The system uses a basic learning technique (a Genetic Algorithm) to search for solutions to a particular problem. These solutions use basic data (features) from the image, together with a threshold to make a binary decision about each image, deciding whether it is something that we are interested in, or not.
The kind of problem we will solve is a detection problem. That is we would like to look at an image and locate all objects of a particular type in it. In this case we will use it to learn a detector which can recognise human faces.
In order to locate the objects, we move a small "window" across the image, which returns a true/false report for each point in the image. We can then view the result on the whole image, which should point out the locations the faces are to be found.
A feature consists of one or more adjacent rectangular areas. The average intensity of pixels for each is calculated. The feature returns the difference between the areas.
A low value will indicate that the two areas appear to be about the same, whereas a high difference indicates that one rectangle is darker than the other. Depending on the shapes of the rectangles, this may indicate that we're looking at the nose of a person, or their eyes, or something more subtle.
Each feature is defined by five important values: the offset in X and Y of the first rectangle from the top-left-corner of the window, and the width and height of the rectangles.
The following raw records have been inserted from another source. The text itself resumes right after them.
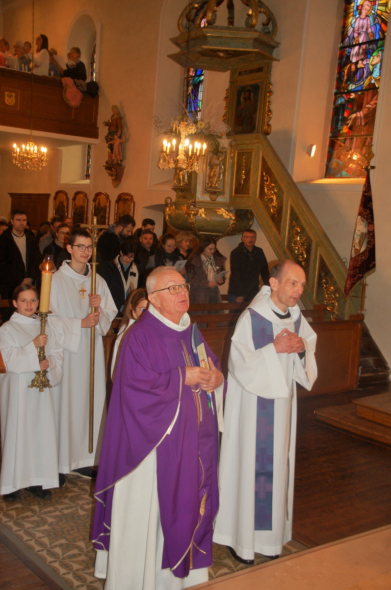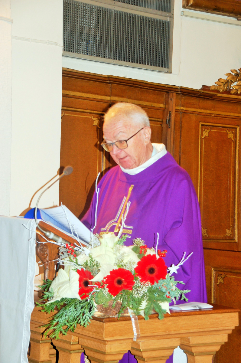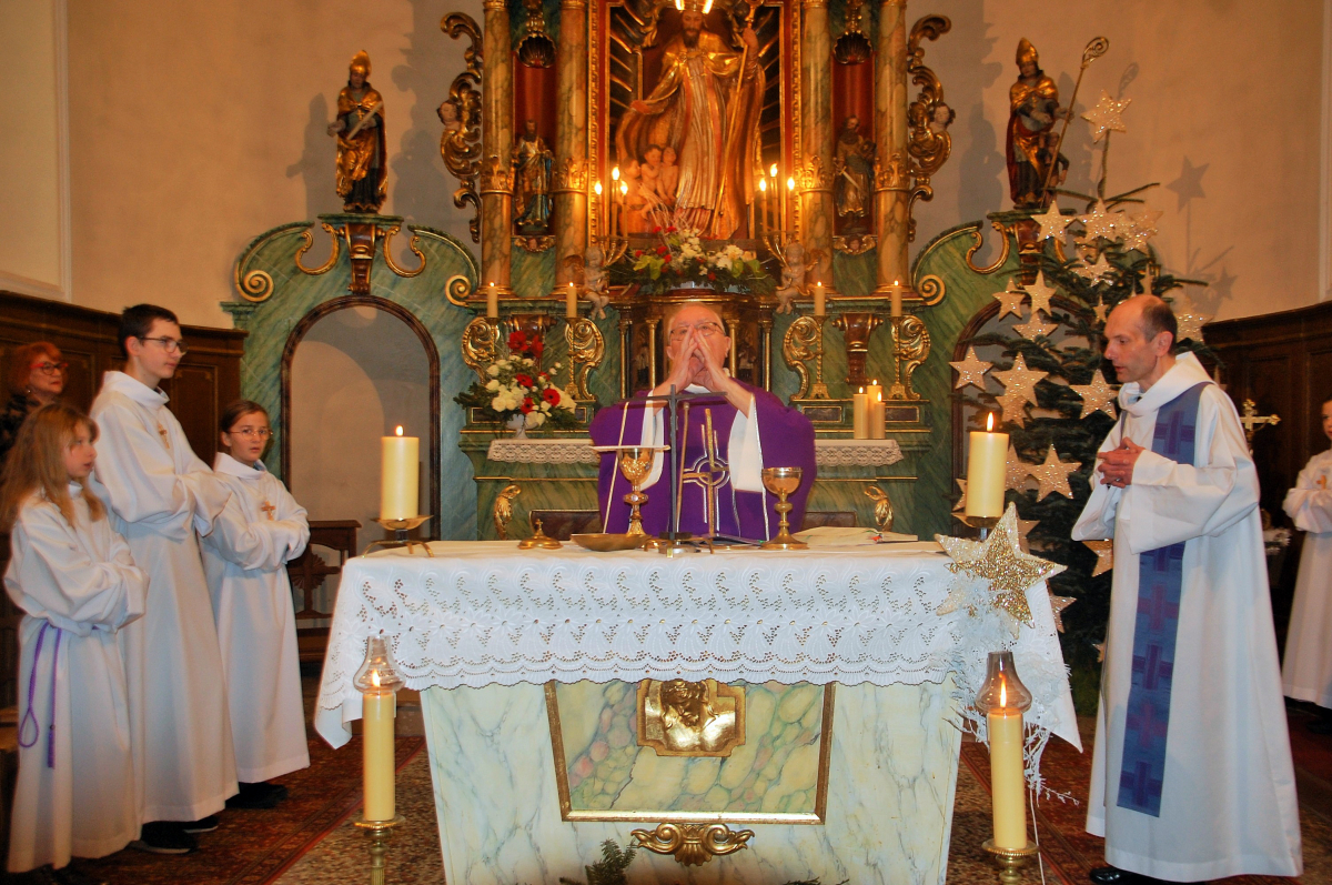 A l'occasion du 2e dimanche de l'Avent, elle a non seulement honoré son saint patron, saint Nicolas, mais elle a été heureuse aussi de fêter le jubilé d'or de l'Abbé André Mislin, un enfant du village, et de rendre grâce avec lui pour ses cinquante années de ministère, dans l'église où, après avoir été ordonné prêtre, le 1er juillet 1973, à la cathédrale de Strasbourg, il avait célébré sa première messe.
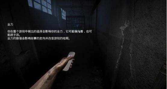 这种设计直接表现在游戏的很多环节设计中,相较于其他恐怖题材作品中简单直接地采用暴力方式去对抗未知的风险。虽然《A.I.L.A》中也提供了凶括枪、斧等多种不同的武器。但让人最印象深刻的地方在于,你如何去选择面对会直接影响整个故事的走向和结局,这种贯穿在整个游戏过程中的因果关系在游戏中被称之为“业力”。
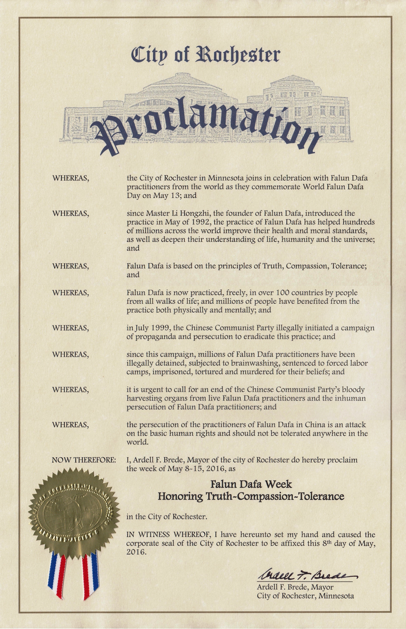 因此,现在,我,阿戴尔·布雷迪,罗切斯特市市长,为褒奖真、善、忍,宣布2016年5月8日至15日这一周,为罗切斯特市市的法轮大法周。
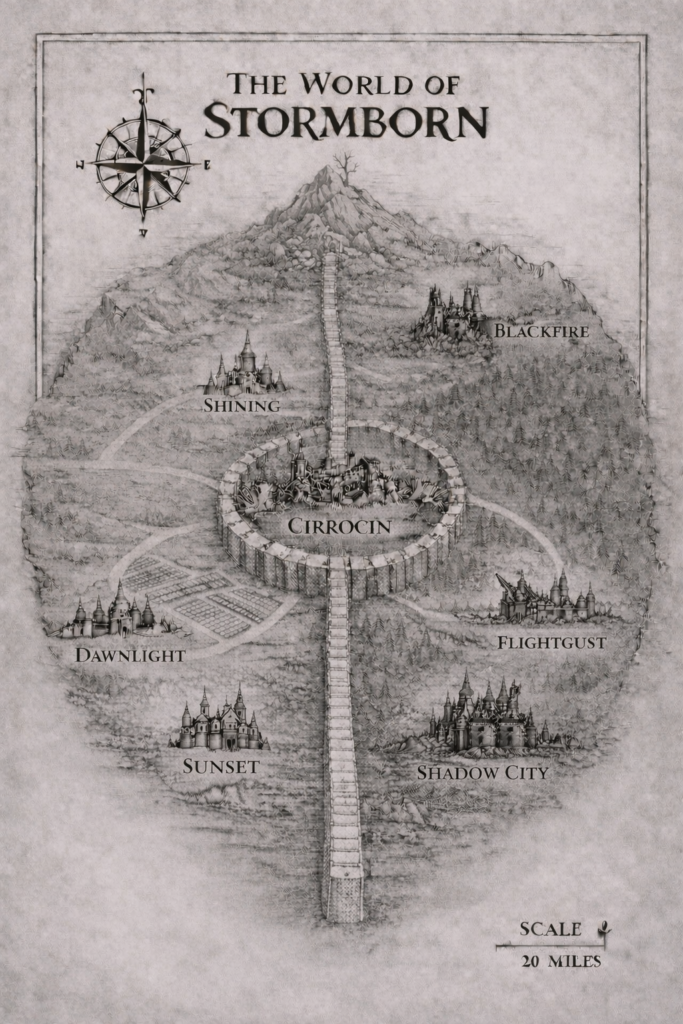 A brilliant city of mirrors and light, ruled by Cirri Moonsliver. Beauty, influence, and quiet manipulation define its glittering streets.

These values are expressed as percentages, between 0-1, so they can be applied to a window of any size. The final value determines what combination of rectangles is used, there are three choices:
Haar Features | ||
Horizontal difference between two rectangles | Vertical difference between two rectangles | Horizontal difference between three rectangles |
As the system is expected to learn, we need to give it some examples of what is a face, and what is not. There are two sets of images - a set of faces cropped using the Image Grabber and a set of pictures of things that are not faces. We'll expect the detector to return "true" for all the faces, and "false" for all the non-faces. We can figure out a metric for how good each detector is simply by counting how many mistakes it makes on this data.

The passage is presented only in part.